The second example involves rock physics, which seeks to model and establish relationships between a rock’s material properties and the observed seismic expression. Since modeling of petro-elastic properties is very complex and case-dependent, there is a large uncertainty associated to it. However, we show how the use and analysis of rock physics templates enables an increase in the confidence of the results of a petro-elastic inversion to estimate porosity and fluid saturation in a carbonate field.
Finally, we turn to stochastic inversion, which allows to directly produce in a fine scale stratigraphic framework a large number of realizations of impedance matching the seismic data, well logs and specified spatial constraints. The results of this mathematically rigorous approach can then be further interpreted in terms of facies probabilities. In an example in a turbidite reservoir, we show how the connectivity between wells may be assessed in a probabilistic manner.
Reducing the interpretation uncertainty through broadband seismic
One of the biggest intrinsic limitations of seismic data has always been its limited frequency bandwidth, typically from 10 to 70 Hz in marine data. This not only precludes accessing fine scale details, but also makes it difficult to reliably estimate the low frequency trends that are very important to build a reliable petro-elastic model. Broadband seismic uses a combination of specific acquisition techniques and processing to significantly extend the bandwidth in both the low and high ends. This increase is directly visible in the imaging results that are much better focused and detailed. However, it may not be obvious how such an improvement affects quantitative reservoir-scale impedance models.
A 2D line was acquired in NW Australia and processed both using conventional techniques and broadband workflow (Soubaras & Lafet, 2013). The target area in the line covers about 25 km, has a thickness of 500 ms to 1000 ms and is intersected by 3 vertical wells. It images a clastic gas-filled reservoir formed of a laterally relatively continuous sand bed, see Figure 1 (left). On the well logs, the reservoir interval is clearly defined on well B, but much less so on well A, so it is interesting to see if inversion of the seismic data allows inter-well prediction, and how this prediction differs between conventional and broadband seismic.

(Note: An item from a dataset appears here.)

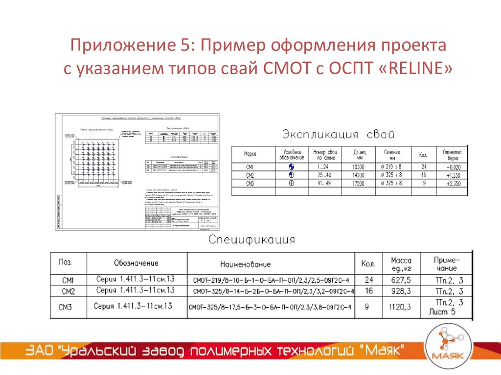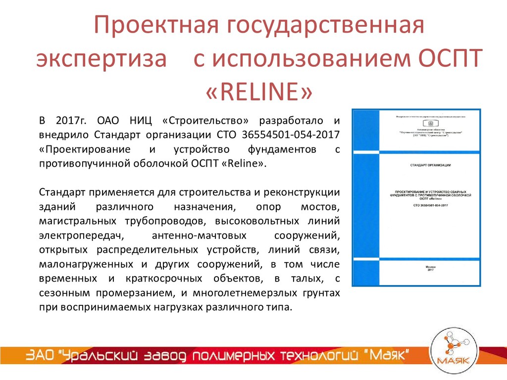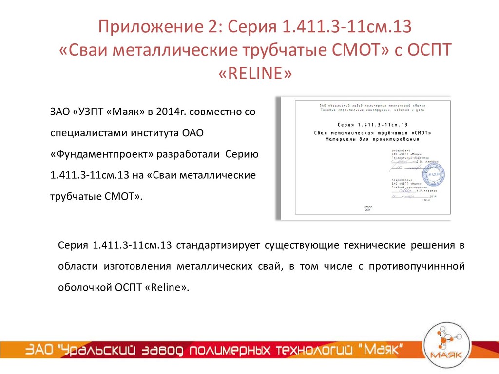 «RELINE» ЗАО «УЗПТ «Маяк» в 2014г. совместно со специалистами института ОАО «Фундаментпроект» разработали Серию 1.411.3-11см.13 на «Сваи металлические трубчатые СМОТ». Серия 1.411.3-11см.13 стандартизирует существующие технические решения в области изготовления металлических свай, в том числе с противопучиннной оболочкой ОСПТ «Reline».

An elastic prestack inversion was run on both conventional and broadband versions, and the results used to generate Poisson’s ratio (PR) sections. Since the purpose of this test is to estimate the difference brought by broadband seismic, the initial model used for both inversions is the same, and is built only from the low frequency trend from the conventional seismic velocity model. As the wells are relatively far apart from each other and are consistent with the velocity model, not using them is not an issue. Figure 1 (right) shows the resulting PR sections. As expected, the results from the broadband seismic look more detailed. Moreover, there is a large anomaly of low PR between the wells, which could be indicative of continuous gas sand. However, from this picture it is impossible to say whether or not the inversion results are actually better.
To estimate the confidence on this prediction, a simple rock physics model is built from a cross-plot of elastic attributes (Figure 2, left). On this plot, well data are color-coded by the observed well facies (shales, water or gas sand). The facies of interest is the gas sand, showing overall a lower PR. From each facies, a probability density function (PDF) is then built: it indicates, in each point of the cross-plot, what are the relative probabilities of being in each of the three facies.
The results of the inversions of both the conventional and broadband seismic data are then compared using these PDFs (Figure 2, middle and right). In each case, samples from the inversion result are extracted along the well trajectories and color-coded by the observed facies. The result of the conventional seismic inversion does reproduce the overall trend of low PR for gas sands, however there is also a lot of overlap with the other facies. On the other hand, the broadband seismic results are much more consistent with the rock physics distribution from the well data. Consequently, the broadband results can be considered as less uncertain, since they are closer to a physical model that was not used to constrain the inversion.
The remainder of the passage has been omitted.